Ingin dapat insight token seperti ini?ย Daftarkan diri Anda untuk menerima Crypto Newsletter harian dari Editor Harsh Notariya dengan klik di sini.

Saldo whale juga terus meningkat. Wallet besar tidak melakukan dump secara agresif. Secara angka, penimbunan masih terjadi.

Whale BTC
Whale BTC | Sumber: Glassnode

Tetapi metrik-metrik ini mencampurkan berbagai kelompok investor.

Holder jangka menengah dan wallet besar masih membeli. Holder jangka panjang justru diam-diam melakukan distribusi. Ketika holder berpengalaman mulai menjual di dekat klaster biaya utama, itu menandakan risiko karena keyakinan mereka, walaupun saldo secara keseluruhan terlihat masih kuat.

Itulah sebabnya kebanyakan investor melewatkan peringatan tersebut. Analis BeInCrypto sudah menyoroti risiko ini satu minggu yang lalu. Pasar nampak sehat. Di balik itu, support terkuatnya justru sedang dijual.

Begitu aksi jual itu melemahkan zona US$84.600, leverage menjadi rentan. Saat harga turun lebih dalam, posisi long mulai terlikuidasi. Data dari CoinGlass menunjukkan hampir US$800 juta posisi long Bitcoin terhapus dalam waktu 24 jam.

Angka Likuidasi
Angka Likuidasi: Coinglass

Derivatif bukan penyebab pelemahan. Instrumen itu hanya bereaksi terhadap pelemahan yang terjadi.


Struktur Rusak, Risiko Penurunan, dan Level Harga Kunci Bitcoin

Struktur teknikal kini sudah memburuk. Bitcoin sudah turun menembus neckline pola head and shoulders pada grafik harian. Ini adalah pola pembalikan bearish yang sering muncul sebelum terjadi koreksi berkepanjangan.

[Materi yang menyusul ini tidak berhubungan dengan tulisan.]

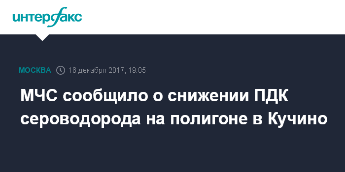 Москва. 16 декабря. INTERFAX.RU - МЧС сообщает о снижении предельно допустимой концентрации (ПДК) сероводорода в воздухе в районе полигона твердых бытовых отходов "Кучино" с 25-кратного до 1,2...10 кратного.
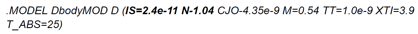 通过调整Dbody-MOD中的参数IS和N,匹配低电流下的二极管曲线数据。将正向电压绘制在对数刻度上,N将调整斜率,IS将使曲线向左或向右移动。

Berdasarkan pola ini, breakdown memperkirakan penurunan lanjutan sekitar 12% dari neckline. Hal ini menempatkan risiko di dekat zona US$75.000 jika aksi jual berlanjut. Level US$81.000 kini menjadi support krusial.

Jika Bitcoin kembali kehilangan level ini, momentum penurunan bisa makin kencang. jika bertahan, peluang stabilisasi bisa terjadi.

Analisis Harga Bitcoin
Analisis Harga Bitcoin: TradingView

Pemulihan harga bergantung pada kemampuan merebut kembali level kunci on-chain dan grafik. Zona harga BTC penting pertama ada di sekitar US$83.300, yang sesuai dengan klaster URPD terbesar kedua. Jika harga menembus level ini, artinya para pembeli mampu mempertahankan area kepemilikan sebelumnya.

Level utama tetap di US$84.600. Di sinilah holder jangka panjang melakukan penjualan. Dan di sinilah klaster URPD terbesar berada. Sampai Bitcoin benar-benar ditutup di atas US$84.600, setiap rebound tetap rentan.